HIDAgent: A Toolkit Enabling "Personal Agents" on HID-Compatible Devices

HIDAgent: A Toolkit Enabling "Personal Agents" on HID-Compatible Devices
Notice: This research summary and analysis were automatically generated using AI technology. For absolute accuracy, please refer to the [Original Paper Viewer] below or the Original ArXiv Source.

UI Agents powered by increasingly performant AI promise to eventually use computers the way that people do - by visually interpreting UIs on screen and issuing appropriate actions to control them (e.g., mouse clicks and keyboard entry). While significant progress has been made on interpreting visual UIs computationally, and in sequencing together steps to complete tasks, controlling UIs is still done with system-specific APIs or VNC connections, which limits the platforms and use cases that can be explored. This paper introduces HIDAgent, an open-source hardware/software toolkit enabling UI agents to operate HID-compatible computing systems by emulating the physical keyboard and mouse. HIDAgent is built using three off-the-shelf components costing less than $30 and a Python library supporting flexible integration. We validated the HIDAgent toolkit by building five diverse use case prototypes across mobile and desktop platforms. As a hardware device, HIDAgent supports research into new interaction scenarios where the agents are separated from the devices they control.


💡 Research Summary

The paper presents HIDAgent, an open‑source toolkit that enables UI agents to control any HID‑compatible device by emulating a physical keyboard and mouse. The system is built from three off‑the‑shelf components costing less than $30—a Raspberry Pi Pico (RP2040) microcontroller, an HDMI‑to‑USB capture card, and a CH340 USB‑to‑Serial bridge—together with a Python library that abstracts the hardware and provides high‑level functions for screenshot acquisition, mouse/keyboard event generation, UI element recognition, and LLM‑based visual queries.

Technically, the Pico’s single USB‑C port acts as a HID output device; it receives JSON commands over UART from a control computer via the CH340 bridge, parses them, and sends the appropriate HID reports. Commands include mouse moves, clicks (left/right), keyboard typing, and arbitrary key‑press combinations. To avoid the “too‑fast” problem where target OSes ignore rapid input, the firmware inserts a short (≈0.1 s) pause between events, which is imperceptible to users.
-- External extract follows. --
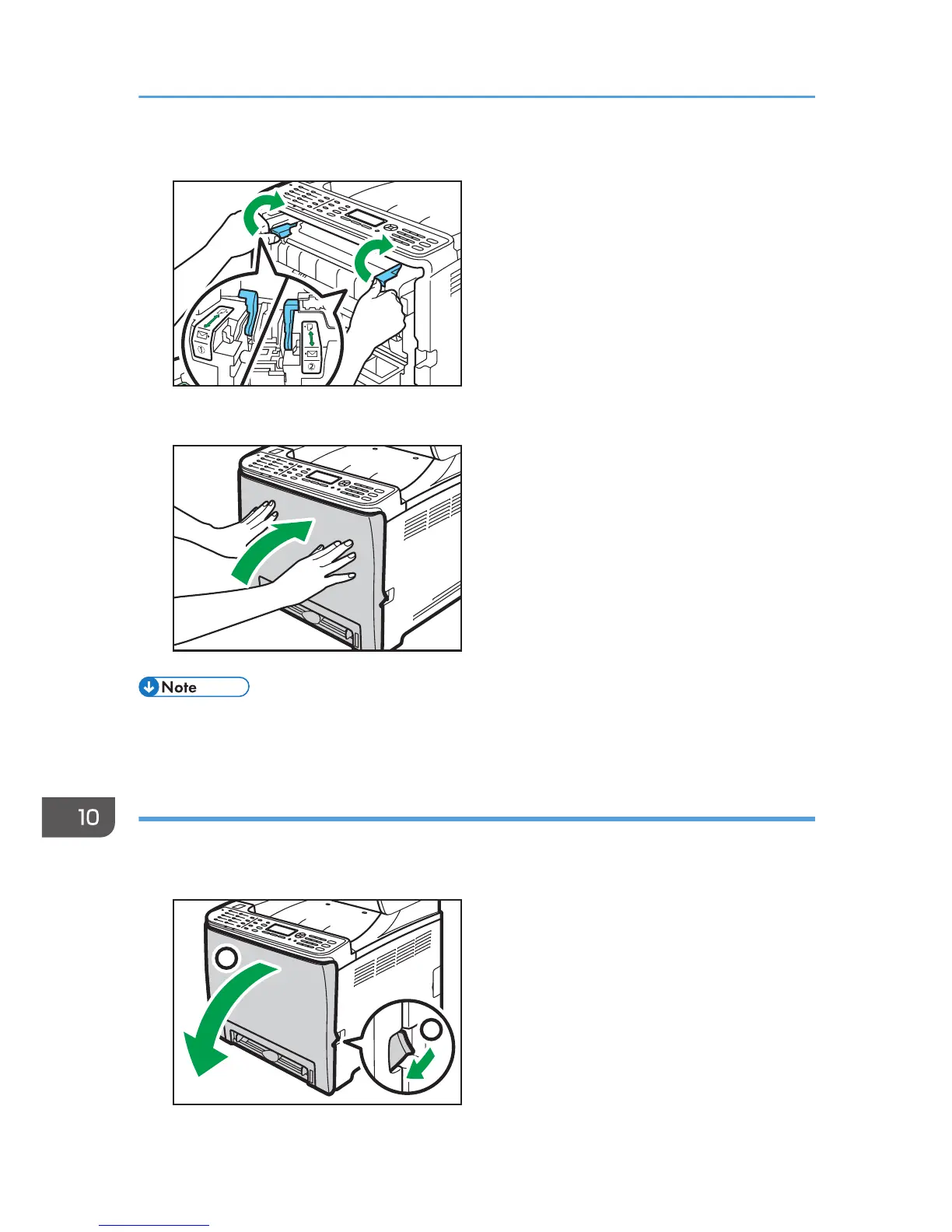 • When closing the front cover, push the upper area of the cover firmly. After closing the cover,

Screen capture is performed by the HDMI‑to‑USB dongle, which always outputs 1920×1080 frames. HIDAgent.py’s get_screenshot() returns a Pillow image object, while recognize_gui_elements() wraps the Omniparser model to extract UI components (buttons, text fields, icons) and their coordinates. The more advanced llm_screenshot_query() feeds the screenshot and parsed UI metadata to a local Gemma‑27B model (or optionally OpenAI/Anthropic APIs) to answer natural‑language questions about the UI, enabling high‑level commands such as “click the ‘Settings’ button”.

A key challenge is mapping screen pixel coordinates to the relative coordinate system used by HID mouse events, which varies across operating systems due to scaling and acceleration. HIDAgent solves this with an automatic calibration routine: upon first connection it moves the cursor to two known screen positions (e.g., (100, 100) and (200, 100)), captures screenshots after each move, and computes the pixel displacement caused by the cursor. By moving only horizontally (or vertically) at a time, it isolates cursor‑induced changes from background motion (e.g., a moving clock hand). The resulting transformation matrix is stored and used for all subsequent coordinate translations, ensuring precise targeting.

The authors validate the toolkit through five diverse prototypes, demonstrating cross‑platform applicability on iOS and Android phones, Windows, macOS, Linux desktops, and even VR headsets. The “Helpful Observer” prototype continuously monitors the screen and intervenes when predefined visual conditions appear, illustrating a “bring‑your‑own‑agent” accessibility scenario. The “Extensible UI Agent” shows how existing AI agents (e.g., OpenAI Operator, Anthropic Computer Use) can be wrapped with HIDAgent to run on participants’ personal devices without installing any software on the target, addressing privacy and security concerns. Other prototypes showcase multi‑device task hand‑off (starting a task on a phone and completing it on a laptop) and scripted UI interactions using image patches similar to Sikuli.

Overall contributions include: (1) a low‑cost, open‑source hardware‑software stack that decouples the agent from the device it controls; (2) a unified Python API that abstracts away low‑level HID details while offering advanced visual reasoning capabilities; (3) an automatic calibration method that reliably translates pixel coordinates to HID movements across heterogeneous platforms. By eliminating the need for platform‑specific accessibility APIs or remote desktop protocols, HIDAgent opens new research avenues such as studying trust in external agents, conducting user studies on personal devices, and building cross‑platform benchmarks that operate on real hardware rather than virtual machines. Future work could extend the system to higher‑resolution capture, multi‑monitor setups, and tighter real‑time feedback loops, further narrowing the gap between human and AI‑driven interaction.